# Rectaflex



## obsiniius (Apr 26, 2022)

please help me identify this camera and it’s value not much i can find on it? had a extra lens with it also here’s the pics!


----------



## Mitica100 (Apr 27, 2022)

Well, as it goes, it is an Italian made camera, probably the 1300 series. It uses the 35mm film, hard to find nowadays and to process as well. I’ll give you $100 for it… just kidding!!!

What you have is a wonderful camera which is pretty hard to find, especially with the array of lenses, instruction book, original leather case and so on. If I were you I’d keep it and hope it goes up in value. If the camera is in good functioning order you could get well over $1,000 for it, based on the eBay sales that I’ve seen. I belong to IDCC (International Directory of Camera Collectors) group and there is an Italian collector named Mario Cassili, he could be very interested in this gem. Google IDCC and get Mario’s email from them, contact him and tell him Dimitri gave you the idea. Good luck!


----------



## IanG (Apr 27, 2022)

Check ebay completed sales, somewhere around £300 to £500 / $350 to $600 if it's working.  I do have a 1958 Focal Press camera guide with  between 2 & 4 pages on various cameras and it is included.

Ian


----------



## IanG (Apr 27, 2022)

Mitica100 said:


> Well, as it goes, it is an Italian made camera, probably the 1300 series. It uses the 35mm film, hard to find nowadays and to process as well.

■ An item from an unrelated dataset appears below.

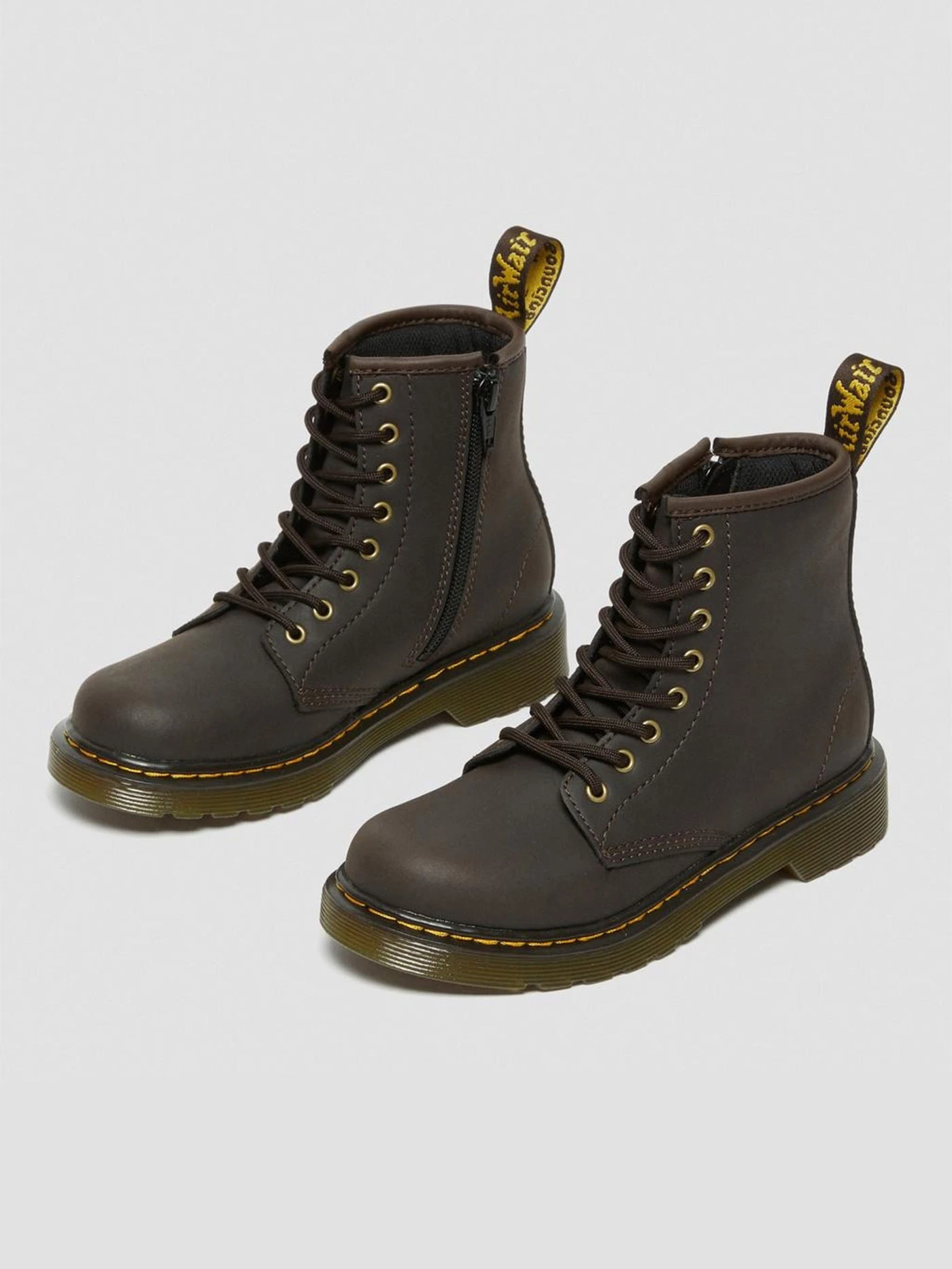 Small AirWair sole. Big Docs spirit. We’ve scaled down our classic 1460 boots for up-and-coming rebels. Built from robust, waxy Wildhorse Lamper leather, this 1460 Kids’ boot sits on a rugged air-cushioned sole and is finished with yellow stitching and a scripted heel loop. Comes with an extra pair of laces. Just in case.

I’ll give you $100 for it… just kidding!!!
> 
> What you have is a wonderful camera which is pretty hard to find, especially with the array of lenses, instruction book, original leather case and so on. If I were you I’d keep it and hope it goes up in value. If the camera is in good functioning order you could get well over $1,000 for it, based on the eBay sales that I’ve seen. I belong to IDCC (International Directory of Camera Collectors) group and there is an Italian collector named Mario Cassili, he could be very interested in this gem. Google IDCC and get Mario’s email from them, contact him and tell him Dimitri gave you the idea. Good luck!



The lens makes a huge difference to the value, Angenieux being the most desirable.

Ian


----------



## webestang64 (Apr 27, 2022)

It states here you do have a 1300 series going by the top shutter speed and the serial number-26841 (built from 1952 to 1955) ....    Rectaflex - Wikipedia

On eBay I saw a SOLD price for this model at $650 US. 

Side note... Saw a listing for the Angenieux lens by itself, it sold for $3500.00....!

Neat piece.


----------



## compur (Apr 30, 2022)

I recently found and then sold a Rectaflex Junior with Angénieux lens. The Junior is very similar to the 1300 except with lower top shutter speed. The body was not working but the lens was in good shape. I loved the overall build of the camera but the viewfinder was quite dim.


----------